ACTIVITY – Retype the lines below exactly, but only those from the line that has "Phone Holder / iPhone Stand" through the line that has "More great articles! On sale 30th August". Omit every picture.

AVAILABLE RECORDS –
------------------------------
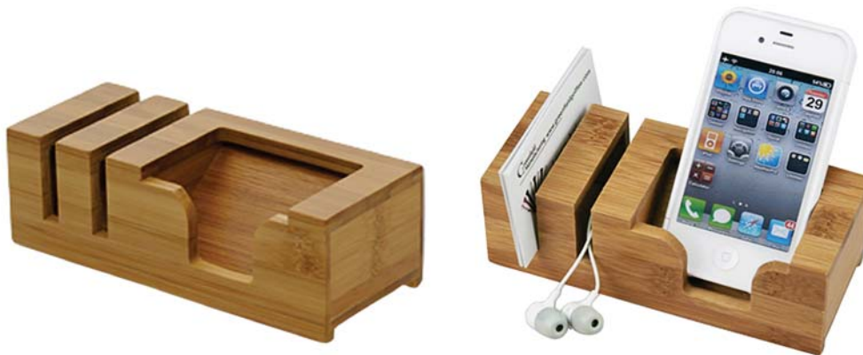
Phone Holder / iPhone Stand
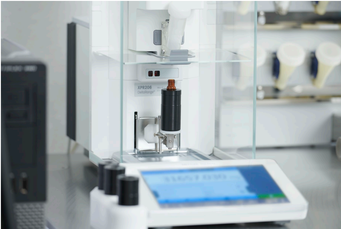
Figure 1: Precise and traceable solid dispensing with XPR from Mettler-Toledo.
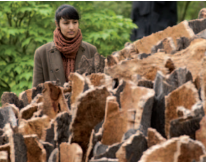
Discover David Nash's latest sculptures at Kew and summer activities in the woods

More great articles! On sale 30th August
------------------------------
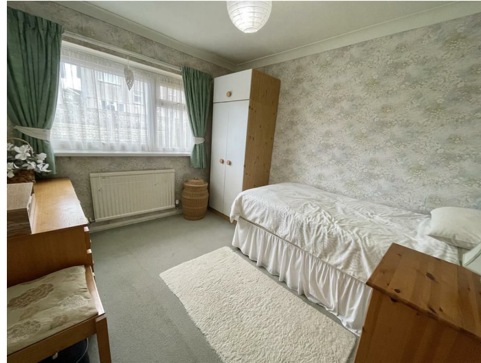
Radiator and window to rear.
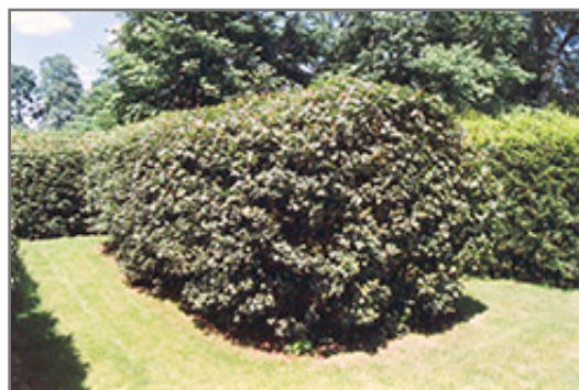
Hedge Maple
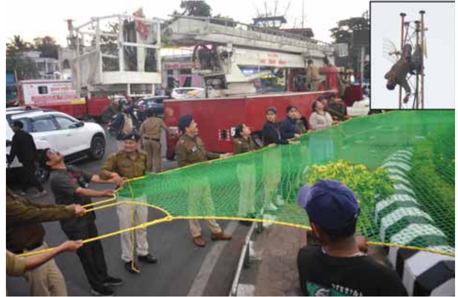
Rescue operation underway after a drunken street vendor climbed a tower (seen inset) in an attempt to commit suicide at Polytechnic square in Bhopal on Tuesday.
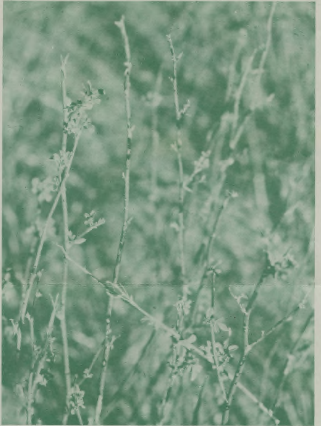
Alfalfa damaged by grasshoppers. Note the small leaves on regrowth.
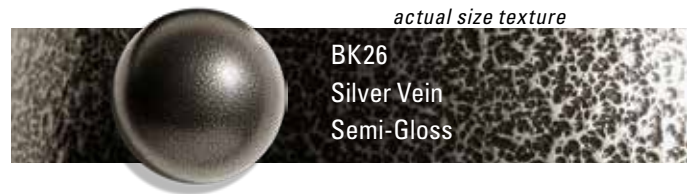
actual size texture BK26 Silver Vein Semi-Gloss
------------------------------
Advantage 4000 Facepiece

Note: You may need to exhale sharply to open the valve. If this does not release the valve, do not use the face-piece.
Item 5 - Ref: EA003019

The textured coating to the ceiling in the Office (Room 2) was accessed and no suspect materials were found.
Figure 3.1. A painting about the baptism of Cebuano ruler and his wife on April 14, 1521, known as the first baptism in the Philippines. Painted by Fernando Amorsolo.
------------------------------
ANSWER BOX –
Phone Holder / iPhone Stand
Figure 1: Precise and traceable solid dispensing with XPR from Mettler-Toledo.
Discover David Nash's latest sculptures at Kew and summer activities in the woods

More great articles! On sale 30th August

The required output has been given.